There’s a good story in today’s Herald Tribune about the preparations for Sarasota’s upcoming March elections, when no doubt the county’s voting systems will be closely watched.

MIT colleague Ted Selker had two very good observations in this story:

Some researchers have criticized her design of the Nov. 7 ballot because she placed the governor’s race and the District 13 congressional race on the same touch-screen page.

That could have caused voters to miss the congressional race and could have been the reason for its 18,000 so-called undervotes, experts have said.

It is the sort of avoidable confusion that elections supervisors could easily circumvent, said Ted Selker, an associate professor at Massachusetts Institute of Technology and co-director of the Caltech/MIT Voting Technology Project.

“If they just did a really, really simple thing — one race, one page — that would make a huge difference,” Selker said. “By putting a big one and a little one, you don’t see the little one.”

And:

On Feb. 22 at 9 a.m., Dent’s office will hold so-called “logic and accuracy” testing to ensure that the ballots are positioned correctly on the touch-screens and that votes are being properly recorded.

It is also the time when people can contest the design of the ballot.

“If they have a problem with the ballot then, we can make adjustments,” Dent said.

But few people usually show up for the review, often leaving ballot approval to representatives from political parties.

Some elections experts would like the state to mandate that supervisors use samples of voters to test how they interact with ballot designs prior to elections.

“No ballot should ever be used without a bunch of people trying to vote on it,” Selker said.
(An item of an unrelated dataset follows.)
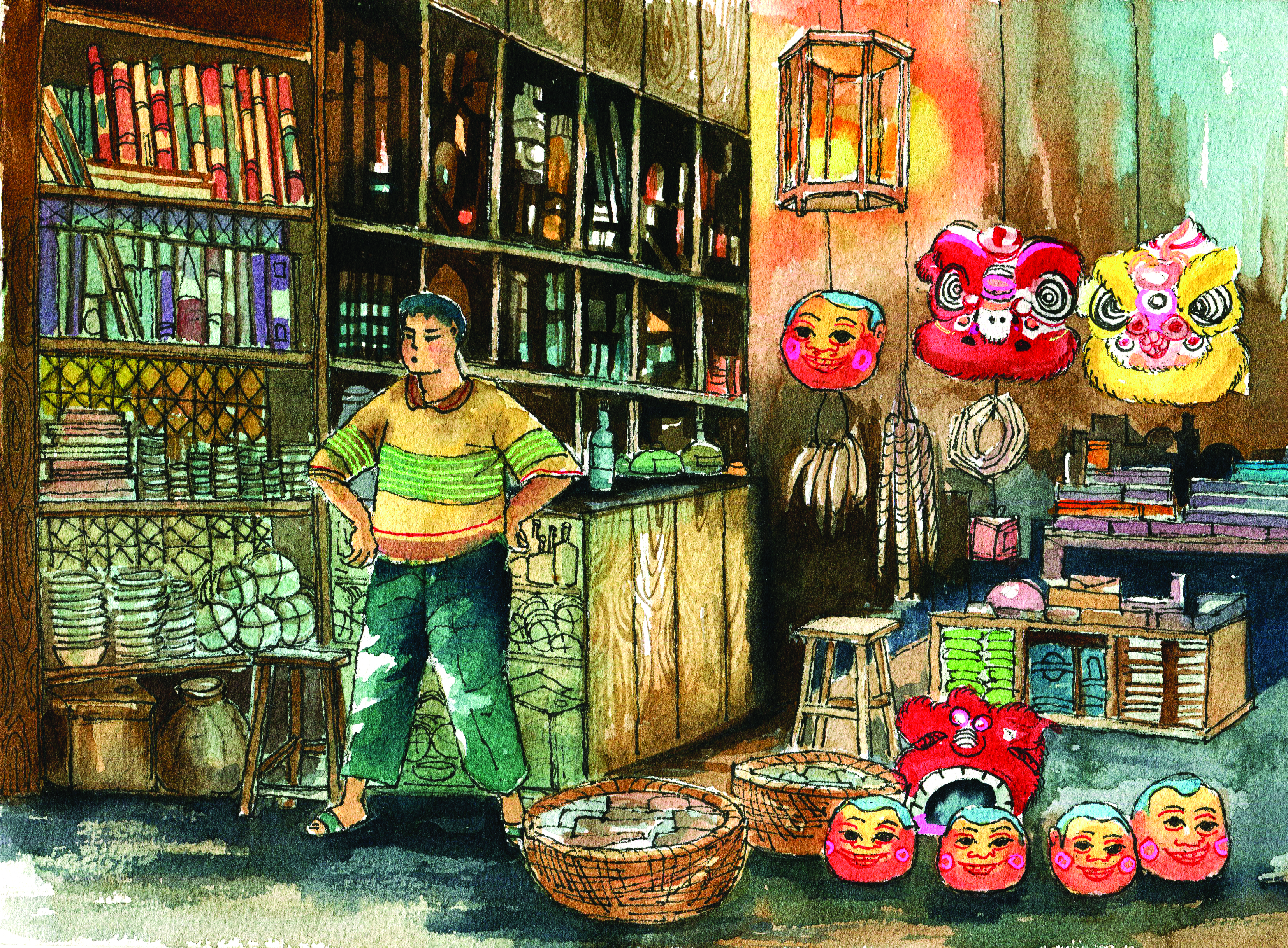 TTCT - Những ngày Tết xóm Cây Gõ xưa, trong lòng Thành như sân khấu cải lương đã hạ màn, chỉ còn chút dư âm trong lòng... Tiệm chạp phô. Tranh: Phạm Công TâmỞ xóm Cây Gõ thuộc quận 6 này, đám con nít cứ đi ngang tiệm chạp phô của ông Tiệm là biết Tết sắp về - anh Tấn Thành, 64 tuổi, cư dân cũ của xóm cây Gõ, nhớ lại. Thường ngày, tiệm của ông bày làng nhàng các vật dụng thông thường, bỗng chất đầy các thứ hàng hóa đưa về từ chợ Bình Tây. Lạp xưởng treo lủng lẳng khắp nơi, nước mắm tĩn bỏ đầy sân, nhang đèn, phong bao lì xì, cả đầu lân, đầu ông Địa loại nhỏ. Ai cũng hối hả mua các thứ cần thiết vì biết ông sẽ đóng cửa ba ngày Tết. “Đầu năm mua muối, cuối năm mua vôi”, mua vôi quét tường, kéo về nhà lade, nước ngọt, mua thùng thiếc đựng nước đá, ra chợ xin miếng trấu bỏ vô giữ đá lâu tan, mua nước mắm tĩn ngon để kho thịt. Ông Tiệm lặp đi lặp lại: “Hầy, ai mua gì mua đi, trưa giao thừa ngộ nghỉ dzồi đó!”. Nói vậy chứ ổng sẽ bán tới tối ba mươi, ai cũng biết vậy.Tiệm chạp phô ông Tiệm là nơi mở đầu không khí Tết ở xóm Cây Gõ này.Rần rần trong xómNgười ta sẽ hỏi những câu mà bây giờ bị coi là tò mò: “Ủa, năm nay sơn cửa màu gì?”. Nhà dọn dẹp xong, thấy nhà kế bên tháo cửa sổ ra rửa là qua hỏi: “Còn miếng giẻ nào không, tui phụ!”. Giúp nhau dán giấy bông hay hình lịch lên vách ván, đổ đầy mấy chai nước, rửa sạch mấy cái ly để sẵn đợi tiếp khách. Giúp nhau xong xúm lại nhậu, bia mồi bát ngát.Đưa ông Táo xong là có chợ đêm. Người ta bán đủ thứ dọc đường Bình Tiên. Con nít nhà nghèo đi theo mấy bà trong xóm. Một bà đi trước, thằng nhỏ lò dò theo sau. Dừng lại mua mứt, bà bốc một miếng ăn thử thì thằng nhỏ bốc một nắm. Người bán hàng tưởng con cháu bà kia nên bảo: “Thử đi con”. Khi về, cái túi nilông thủ sẵn đã đầy ắp. Về xóm, tụ đủ bảy tám thằng, chia mỗi đứa ít mứt dừa, mứt bí, thèo lèo cứt chuột, số mứt còn lại nó lấy dây thun cột chắc, mang đến nhà ông đổ rác: “Nhà đó nghèo hơn nhà tụi mình, để dành cho ông ăn Tết!”.Trong xóm có ông Tư Huyện thích nuôi gà, có con gà tre lông màu trắng. Nó hiền, nhưng thấy chú bé Thành là nhào vô đá. Mỗi lần qua nhà ông chơi, gà chạy ra rượt khiến nó vừa chạy vừa khóc. Hôm giáp Tết, ông gọi Thành qua ăn cháo với thằng Xinh Em con ổng. Ông mang ra dĩa thịt gà với nồi cháo, nhắc: “Thành, mày ăn cái đầu!”. Thành bảo chỉ thích ăn đùi. Ông cứ giục ăn đầu vì ngon. Ăn xong, ổng hỏi: “Mày biết vừa rồi ăn con gà nào không? Bữa nay có thấy con gà tre của tao không?”. “Ủa, nó đâu?”. “Đó, mày mới ăn. Cái đầu gà trong đó mổ bụng mày!”. Thành òa khóc. Sau, nghe ông kể với ba Thành là thương thằng nhỏ ngày nào qua chơi cũng bị gà đá nên làm thịt con gà luôn cho xong.Mấy ngày gần Tết, nghỉ học thì đi coi tập tuồng cải lương. Nhờ người quen làm quản lý rạp, Thành được cho vô xem nghệ sĩ tập tuồng. Thành ngắm họ mặc đồ thường, không có hóa trang cũng chán. Về xóm, Thành khoe với mấy bà trong xóm bữa nay thấy tận mắt ông Thanh Hải rồi, đẹp trai lắm.Thời đó, kép Thanh Hải được mấy bà mê vì ca rất mùi. Mấy bà nói: “Ngày mai coi tập tuồng nhớ đưa mấy xấp bài cải lương nhờ ông Thanh Hải ký!”. Hôm sau, Thanh Hải không đến tập. Bí quá, Thành đưa xấp bài năn nỉ bác Hai quản lý rạp ký, ghi tên Thanh Hải vào. Ổng càu nhàu, rồi cũng chịu ký. Về nhà đưa cho mấy bà ai cũng vui, tối gối đầu nằm, Thành có nước mía và kẹo ăn.Um sùm ở nhàChuẩn bị Tết, ba của Thành chỉ lo mua sẵn cà phê bột và cái vợt vải. Thường ngày đi làm, uống cà phê trong công sở hay quán xá. Ba ngày Tết ở nhà, ông có cái thú tự pha cho hai vợ chồng cùng uống trong sáng sớm mùng một, mùng hai, khi trời còn se lạnh. Quên trữ sẵn thì mấy ngày Tết có đi mấy cây số cũng tìm không ra. Chuẩn bị vậy thôi, nhà chỉ có ba người, Tết về ăn Tết ở nhà ông nội Thành ở cùng xóm là đủ no. Chuyện may quần áo trước Tết của Thành quan trọng ngang chuyện chuẩn bị cà phê. Thế nào ba cũng mang về xấp vải kaki vàng, bảo má dắt Thành đi may, dặn: “May theo kiểu áo ký giả bốn túi để… đựng bao lì xì”. Tiệm bình dân trong xóm, chỉ may cho con nít với bàn máy cọc cạch.Ông nội Thành, bà con trong xóm gọi là ông Hương Sư. Ông không dạy học, nhưng đến Tết thì viết chữ Hán để tặng cả xóm nên có tên như vậy. Trước Tết, ông ra đường Khổng Tử mua sẵn cả xấp giấy mực để đó, đợi bà con lối xóm đến xin chữ để về dán bàn thờ. Ông hỏi tuổi gì, viết cho vài chữ chúc phúc. Thành ngồi bên cạnh, lui cui mài cục mực tàu vào cái nghiên. Viết xong, ông đưa chữ rồi dùng sợi chỉ đỏ để sẵn bên cạnh buộc vào cánh tay của họ, xem như là lộc xuân. Ông không lấy tiền công, nhưng thế nào mỗi người cũng tặng ông một bao lì xì màu đỏ. Ông đ

Indeed, the L&A testing process is one where errors can and should be caught, but in order for these errors to be found, there does need to be broader involvement of researchers in the L&A process. Many election officials have worked to both publicize their pre-election L&A activities, and to involve the research community in that process (Thad and I have observed many L&A tests, in a number of jurisdictions, for example). Election officials should continue to reach out … but researchers should also step up here and help election officials test ballot designs and ballot logic when they have the opportunity.